Foreign Patenting: Ways to Save Money


A US patent only protects the invention in the US and will not stop infringement abroad. Thus, a foreign patent is required in each country where patent protection is desired. However, it is expensive to file applications in all countries where the invention may be infringed. I want to discuss some ways of protecting the invention abroad without wasting money. 

Companies and startups in particular should not feel compelled to foreign file everywhere. It may be better for a company with a constrained patent budget to focus where it has current and expects future sales. Manufacturing a patented invention without permission may serve as a basis for infringement, but competitors may readily change a manufacturing site. It's much more difficult to change where the invention is sold or used. For example, a startup having US sales of 40%, European sales of 20%, China sales of 15%, Russian sales of 10%,  and 15% in the rest of the world may decide to seek patents in the US, Europe, China, and Russia, and ignore the rest. This "patent where you have sales" should be tempered by an assessment of the commercial value of the invention. The more important the invention is to a company, the more far reaching should be the patent effort, and vice-versa. Although far from a comprehensive study, my review of several Fortune 100 companies revealed even those with great financial resources were selective on foreign filing. Thus, a company might file only one application in the EPO for every five times it filed in the US.

I think that people are starting to analyze the cost of EP filings correctly over the long term. The EPO likes to stress the European countries can be processed as a single application in the European Patent Office, but you must look at the total cost of the entire process including after an EP patent issues. The cost reduction of that single application ends after the application is accepted as patentable. At that stage one must engage a foreign associate to pay the grant fee, file a translation, handle formalities, and pay fees sometimes annually in each country designated in the application. The entire cost can be substantial, e.g., $80,000, to cover major EP countries from the filing date to end of the patent term. 

The other point is the costs of foreign filing have a wide range. For example, each filing in Canada, China, Hong Kong, Singapore, or Taiwan may be $3,000-$4,000, while filing a single application in Europe, Japan, or South Korea may be $6,000 - $8,000. These are ball park figures to illustrate relative costs.
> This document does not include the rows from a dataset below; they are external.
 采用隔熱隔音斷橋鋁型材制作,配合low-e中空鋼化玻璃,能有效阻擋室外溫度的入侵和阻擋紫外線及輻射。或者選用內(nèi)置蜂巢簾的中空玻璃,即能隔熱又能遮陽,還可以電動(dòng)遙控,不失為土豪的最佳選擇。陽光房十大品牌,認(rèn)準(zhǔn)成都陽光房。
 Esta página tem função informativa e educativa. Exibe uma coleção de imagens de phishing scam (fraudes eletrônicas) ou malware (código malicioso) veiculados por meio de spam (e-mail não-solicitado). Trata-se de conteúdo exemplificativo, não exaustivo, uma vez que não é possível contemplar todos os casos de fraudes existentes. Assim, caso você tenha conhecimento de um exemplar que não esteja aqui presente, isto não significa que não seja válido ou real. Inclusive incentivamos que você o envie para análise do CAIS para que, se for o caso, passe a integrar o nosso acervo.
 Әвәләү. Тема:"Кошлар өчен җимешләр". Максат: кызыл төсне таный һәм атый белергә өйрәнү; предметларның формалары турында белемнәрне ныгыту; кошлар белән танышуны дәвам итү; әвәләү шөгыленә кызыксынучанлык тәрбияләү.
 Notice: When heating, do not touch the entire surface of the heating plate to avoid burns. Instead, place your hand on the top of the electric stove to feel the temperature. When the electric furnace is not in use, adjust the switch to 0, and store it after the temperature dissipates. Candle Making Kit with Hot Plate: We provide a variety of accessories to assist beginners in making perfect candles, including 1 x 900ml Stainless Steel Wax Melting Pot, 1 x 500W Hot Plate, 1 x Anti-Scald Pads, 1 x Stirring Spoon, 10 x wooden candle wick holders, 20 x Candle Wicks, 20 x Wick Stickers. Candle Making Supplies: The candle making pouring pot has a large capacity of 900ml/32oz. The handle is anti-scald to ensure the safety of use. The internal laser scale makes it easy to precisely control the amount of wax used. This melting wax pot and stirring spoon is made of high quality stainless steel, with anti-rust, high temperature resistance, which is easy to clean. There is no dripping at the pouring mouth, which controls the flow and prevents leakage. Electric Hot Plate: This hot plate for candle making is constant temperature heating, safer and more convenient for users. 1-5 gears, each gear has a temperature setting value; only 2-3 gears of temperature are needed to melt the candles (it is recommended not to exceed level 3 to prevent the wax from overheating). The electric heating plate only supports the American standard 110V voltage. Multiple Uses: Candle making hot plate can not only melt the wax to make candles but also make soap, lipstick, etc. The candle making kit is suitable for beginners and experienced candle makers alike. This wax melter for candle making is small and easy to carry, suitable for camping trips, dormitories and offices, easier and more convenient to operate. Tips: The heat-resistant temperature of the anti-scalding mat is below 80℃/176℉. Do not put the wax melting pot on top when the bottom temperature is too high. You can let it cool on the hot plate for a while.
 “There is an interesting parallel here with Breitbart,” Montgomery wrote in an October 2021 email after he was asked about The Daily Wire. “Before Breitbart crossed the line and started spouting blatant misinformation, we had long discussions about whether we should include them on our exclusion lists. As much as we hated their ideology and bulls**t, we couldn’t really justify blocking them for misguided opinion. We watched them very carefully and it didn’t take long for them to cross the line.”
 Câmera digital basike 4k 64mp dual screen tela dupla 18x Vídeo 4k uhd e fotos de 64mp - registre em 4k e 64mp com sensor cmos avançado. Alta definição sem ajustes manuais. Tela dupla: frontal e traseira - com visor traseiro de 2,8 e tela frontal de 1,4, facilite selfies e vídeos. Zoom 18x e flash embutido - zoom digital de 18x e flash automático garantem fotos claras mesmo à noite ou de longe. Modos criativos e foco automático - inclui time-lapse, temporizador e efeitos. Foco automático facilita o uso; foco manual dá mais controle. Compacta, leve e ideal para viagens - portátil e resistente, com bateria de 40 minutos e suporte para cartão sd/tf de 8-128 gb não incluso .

For actual costs I suggest one contact a foreign associate in the country of interest close to the foreign filing date.  
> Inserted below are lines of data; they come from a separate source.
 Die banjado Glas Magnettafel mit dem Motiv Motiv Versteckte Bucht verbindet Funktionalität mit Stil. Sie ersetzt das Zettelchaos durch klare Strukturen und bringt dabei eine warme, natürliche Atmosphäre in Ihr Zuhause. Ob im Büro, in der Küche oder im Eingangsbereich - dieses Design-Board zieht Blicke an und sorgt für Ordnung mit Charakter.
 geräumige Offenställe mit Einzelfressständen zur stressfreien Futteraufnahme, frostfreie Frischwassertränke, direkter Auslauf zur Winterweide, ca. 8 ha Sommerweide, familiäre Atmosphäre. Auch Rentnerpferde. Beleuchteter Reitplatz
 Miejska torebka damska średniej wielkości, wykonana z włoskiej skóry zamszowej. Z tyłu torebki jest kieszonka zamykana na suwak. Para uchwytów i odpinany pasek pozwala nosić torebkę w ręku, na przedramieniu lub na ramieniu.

One more thing, although one can file directly in each foreign country, it may be less expensive to first file a PCT application designating all foreign countries of interest for about $4,000, which permits you to extend the 12-month foreign filing deadline and attendant filing expenses another 18 months until a company can better assess the commercial value of the technology. It typically saves money by giving a larger window to determine if the foreign applications are worth it. Finally, any disclosure of the invention that occurs before the US filing date may bar foreign patent protection depending on the facts, which should be considered carefully with foreign counsel at the outset.